Her mobility and strength is very poor now. We got a wheelchair but I only managed to convince her to go out in it once with me and now she refuses to. She won't come and sit with me in the garden either which I thought might be an alternative, just so she isn't in the house all day. I try to be encouraging but not pushy, I've tried talking about it with her but she just gets angry with me. She won't see anyone for mental health because she says there's no point now. She's very negative and down a lot of the time. She just wants to die. I've tried to do all I can to improve her quality of life for however long she has but its not easy. I'm finding it quite difficult to manage my own feelings when she is like this which is most if not all days. 
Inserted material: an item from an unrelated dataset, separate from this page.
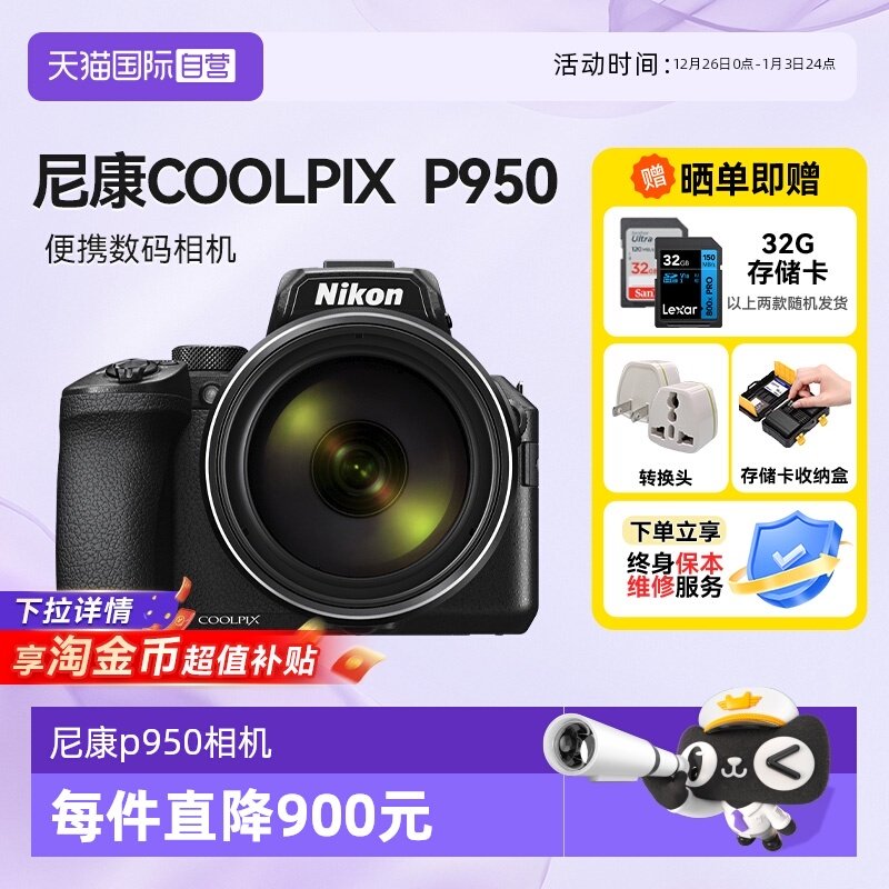 【自营】尼康 COOLPIX P950 数码相机演唱会超长焦4K打鸟海外版

Should I just accept what she is willing to do, even if that's next to nothing? Even if that makes her mood worse and worse? She is still her own person and its not up to me, its just hard to see everyday, I want her to have as good a life as she can for as long as possible. I just wondered if anyone had any similar experiences or advice about how they managed this sort of thing

  • Hi

    Sorry to hear about you mum and the impact it is having on you. Cannot say I am in a similar situation but certainly have seen similar posts in the past and it can be a real struggle being the carer, indeed if we look at Looking after someone with cancer and especially the section coping with being a carer might be helpful.

    Has your mum had a needs assessment, it might be helpful for you to get a carers assessment too - these are provided by your local council and may help you to find a way to recharge your batteries and may make your life a little easier.

    One of the things your post has reminded me of is the serenity prayer:-

    God, grant me the serenity to accept the things I cannot change,
    courage to change the things I can,
    and wisdom to know the difference.

    Thank you for posting on here, your story I am sure will chime with many others in a similar situation because we all know how hard it is.